# Exploratory Data Analysis

What visualizations did you use to initially look at your data? What insights did you gain? How did these insights inform your design?

## Factor Effects

In order to provide details on the factor effects, we used two approaches. Overall effects were provided by the Sci-kit Learn [Random Forest](http://scikit-learn.org/stable/modules/generated/sklearn.ensemble.RandomForestClassifier.html) classification, specifically the feature_importance property.

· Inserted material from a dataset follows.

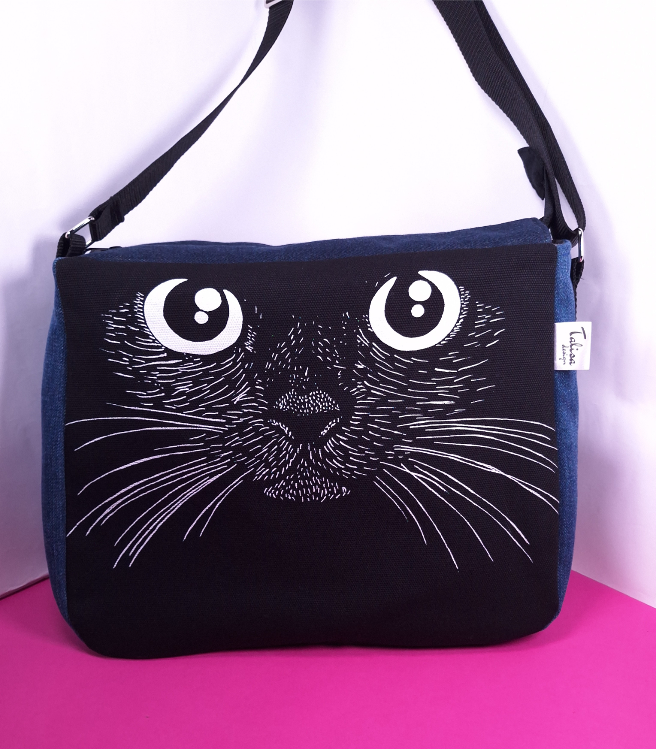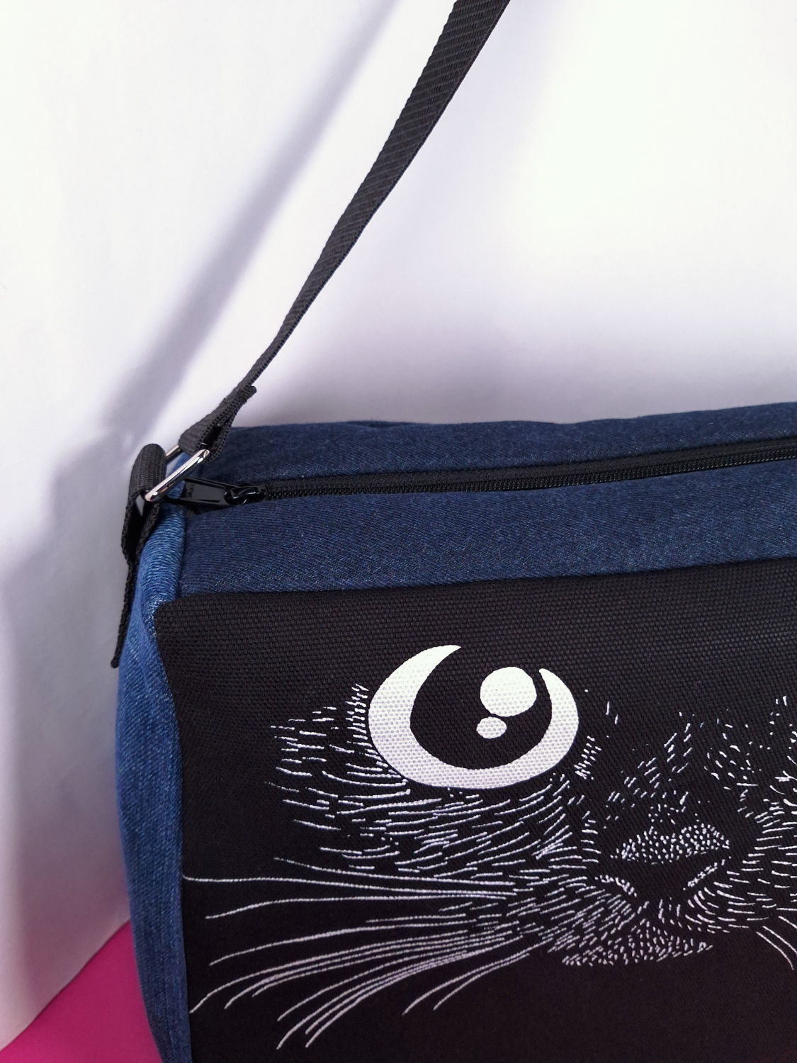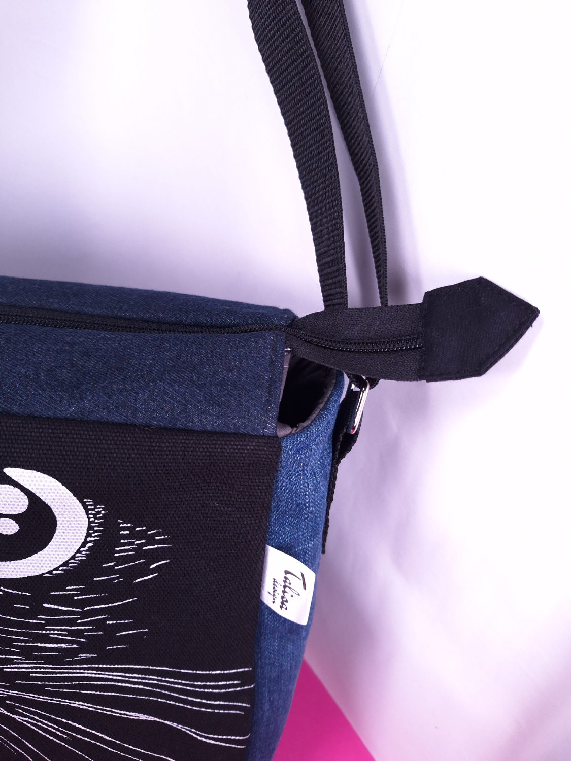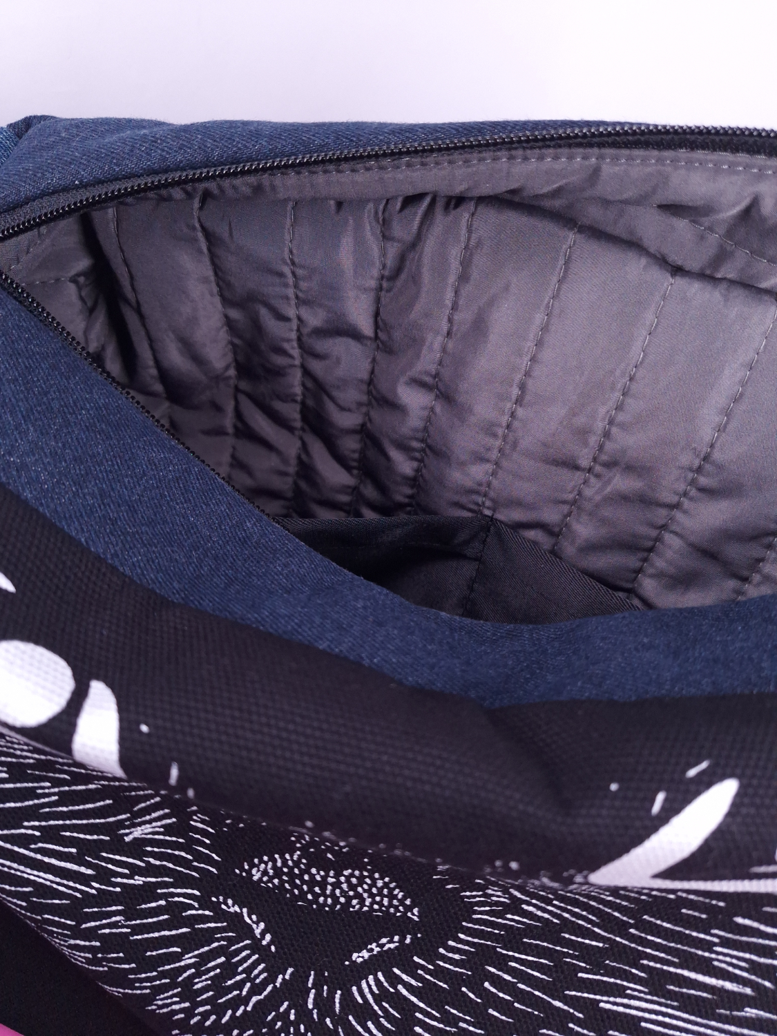 Laukun sisällä on kaksi sivutaskua. Laukun kylkeen mustaan puuvillaan on käsin painettu kuvio valkealla helmiäiskangasvärillä.

In order to extract factors per school, we used Linear Mixed Model analysis using the following R code:

```
library(lmerTest)
library(RJSONIO)
##this is just one example of how LMER may be used to investigate
##college-by-college differences. 

datanormed<-read.csv("../client/data/collegedata_normalized.csv")

factors = c('canAfford','female','MinorityGender','MinorityRace','international','sports', 'earlyAppl')
effects = list()

for (i in factors) {
  f <- paste("acceptStatus~", i, "+(1+", i, "|name)")
  print (f)
  model<-glmer(as.formula(f),family="binomial",data=datanormed)
  df<-data.frame(matrix(nrow=25,ncol=2))
  df$names<-row.names(coef(model)$name)
  df$vals<-coef(model)$name[,2]
  df$X1 = NULL
  df$X2 = NULL
  effects[[i]] = df
}

outJS = toJSON(effects)
write(outJS,"../client/data/factors.json")
```

We sketched a number of different means of comparing factor effects such as bar charts, maps, treemaps, ultimately deciding that a heatmap provided the best contrast and least cognitive load of interpretability for our audience.

## Predictions

For the predictions, we started with a line graph so the applicant could easily see relative positioning between the different schools. After even a little user testing, we switched to a more intuitive scatterplot approach.